In this project, I explored consumer complaints data collected by the FCC about telecommunication services from 2014 to 2024. I filtered the data to focus on the most common types of complaints and states with the highest number of issues, making it easier to analyze and visualize. Surprisingly, the overall number of complaints did not significantly increase over the years. This aligns with external findings, such as FTC reports indicating a significant decrease in unwanted call complaints since 2021.

The biggest challenges for me were not just handling a large dataset with over 3 million rows and 18 variables but rather figuring out exactly how to approach it.
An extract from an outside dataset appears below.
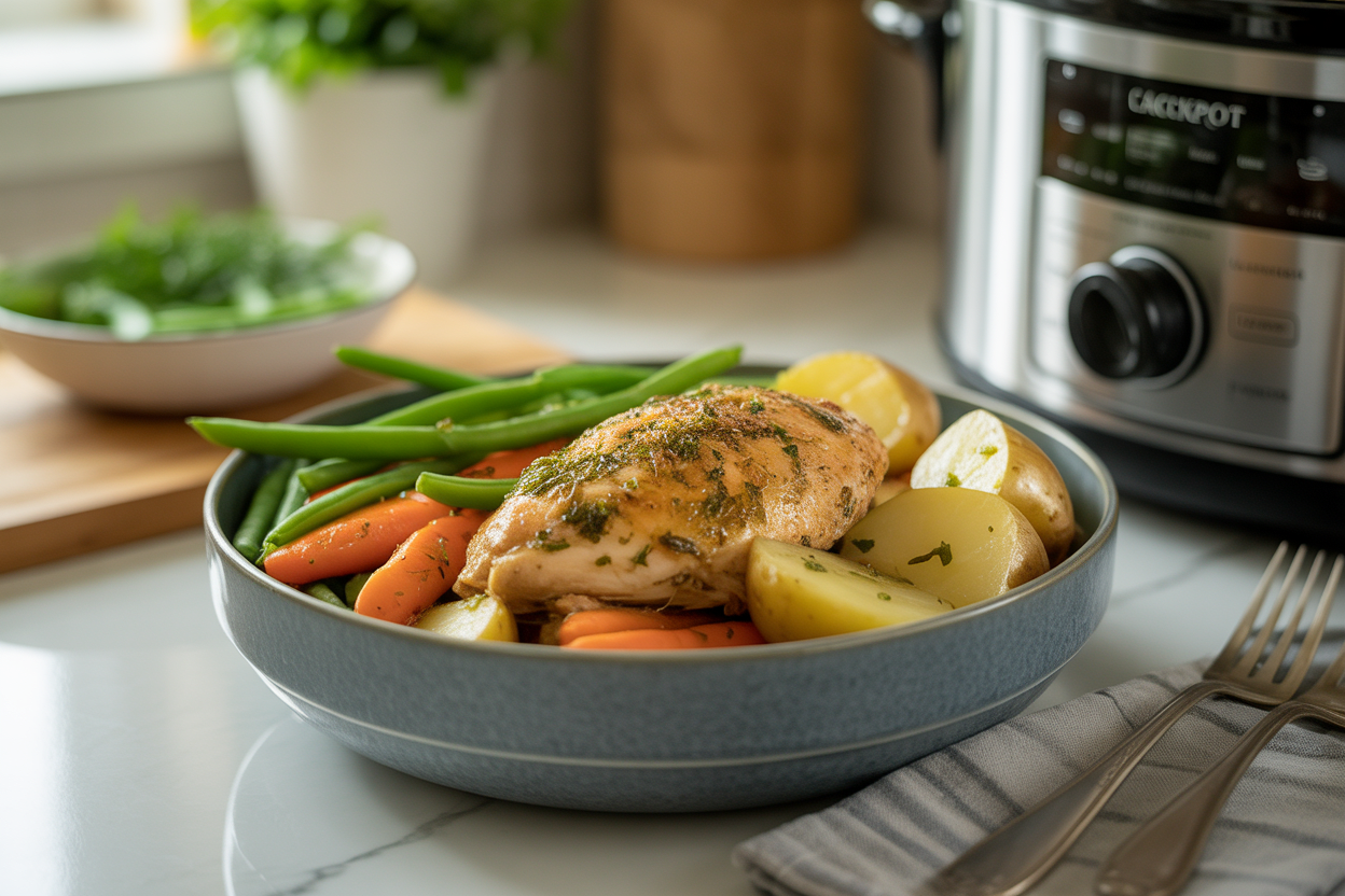 Add everything to the crockpot and cook until the chicken is tender and the vegetables are soft. Keep the seasoning simple so the meal still feels versatile.

Finding the right questions to ask, deciding how to filter and analyze the data effectively, and especially extracting longitude and latitude coordinates (since these were mixed together with ZIP codes and state names in a single column) were difficult tasks. Despite these challenges, I learned valuable skills for managing and interpreting complex data.

In the future, I’d like to explore the real reasons behind the stability or even slight decline in complaint numbers. For example, maybe fewer people are reporting complaints now—I personally didn’t know I could submit complaints about unwanted calls or scams to the FCC, so perhaps others also aren’t aware of this reporting process.